#### [Assigned task]
Leave out the pictures and print precisely the lines from the line with "German Type Hose" to the final line of the entries, both ends included.

#### [Working data]
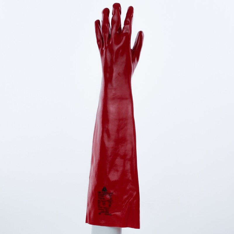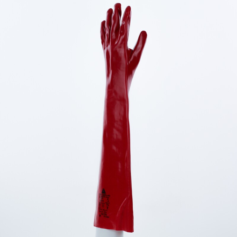 Chemische handschoen die de hele arm beschermt tegen oliën en koolwaterstoffen bij langdurig gebruik. Ondersteuning : Katoen | Coating : Gladde pvc – Volledig coating | Dikte : 1,20 mm | Lengte : 600 mm Prestaties: Zeer dik en lang voor versterkte bescherming van de arm in zijn geheel EN 388 : 4131X. EN 374 TYPE : B – AKL
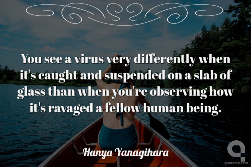 You see a virus very differently when it's caught and suspended on a slab of glass than when you're observing how it's ravaged a fellow human being.
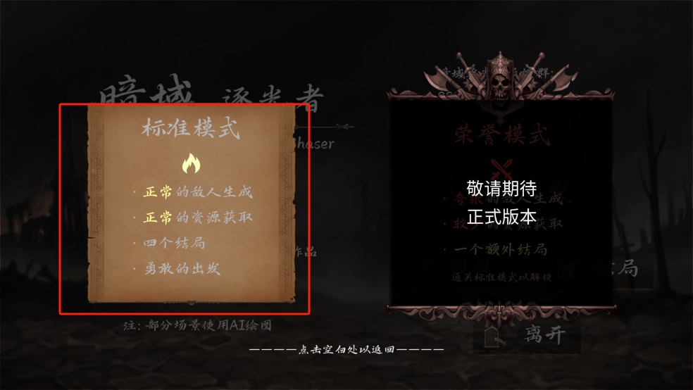 4、現(xiàn)在該游戲只有標(biāo)準(zhǔn)模式,可以看到標(biāo)準(zhǔn)模式是正常的敵人生成和資源獲取,并有四個(gè)結(jié)局那么開(kāi)始吧。
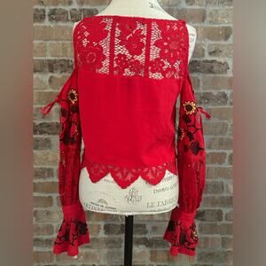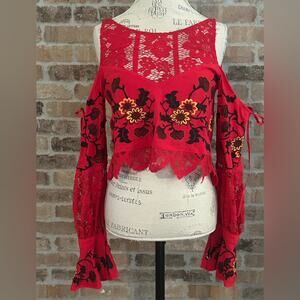 For Love & Lemons $211 Cecelia Crop Top Hot Red sunflower revolve embroidered L
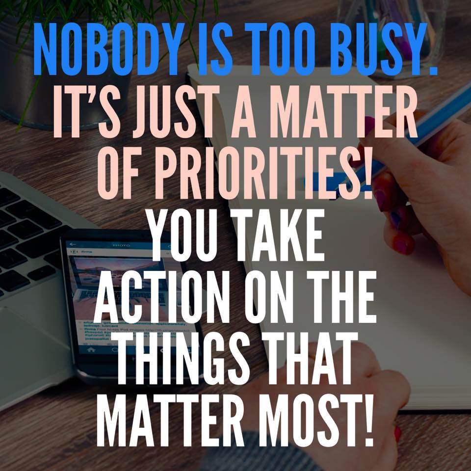 If you are serious about making changes in your life…you have to make them a priority!! We all have the same 24 hours in a day…what you choose to do with them is determined by what’s the most important to you!
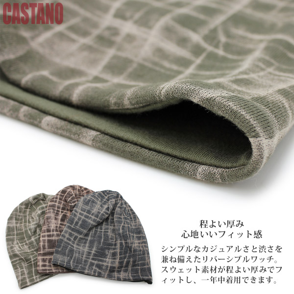 スウェット地の着用感が心地よい、両面仕様のリバーシブルワッチです。クールでかっこいいグラフィックのような抜染柄が際立つデザイン面と、シンプルで使いやすい無地天竺面。その日のコーディネートに合わせてうまく使い分けできるので、幅広いスタイルの方に愛用していただけると思います。生地も程よく厚めで安定したフィット感を楽しめます。
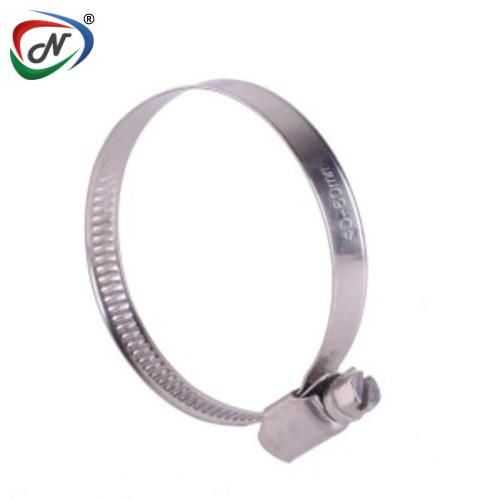 German Type Hose Clamp consist of a band, often galvanized or stainless steel, into which a screw thread pattern has been cut or pressed.One end of the band contains a captive screw. The clamp is put around the hose or tube to be connected, with the loose end being fed into a narrow space between the band and the captive screw. When the screw is turned, it acts as a worm drive pulling the threads of the band, causing the band to tighten around the hose (or when screwed the opposite direction, to loosen). Screw clamps are normally used for hoses 1/2 inch diameter and up, with other clamps used for smaller hoses.
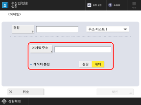 이메일 수신인을 주소록 또는 원터치 버튼에 등록하는 경우 아래에서 설명하는 항목을 구성합니다.

#### [Answer box]
 German Type Hose Clamp consist of a band, often galvanized or stainless steel, into which a screw thread pattern has been cut or pressed.One end of the band contains a captive screw. The clamp is put around the hose or tube to be connected, with the loose end being fed into a narrow space between the band and the captive screw. When the screw is turned, it acts as a worm drive pulling the threads of the band, causing the band to tighten around the hose (or when screwed the opposite direction, to loosen). Screw clamps are normally used for hoses 1/2 inch diameter and up, with other clamps used for smaller hoses.
 이메일 수신인을 주소록 또는 원터치 버튼에 등록하는 경우 아래에서 설명하는 항목을 구성합니다.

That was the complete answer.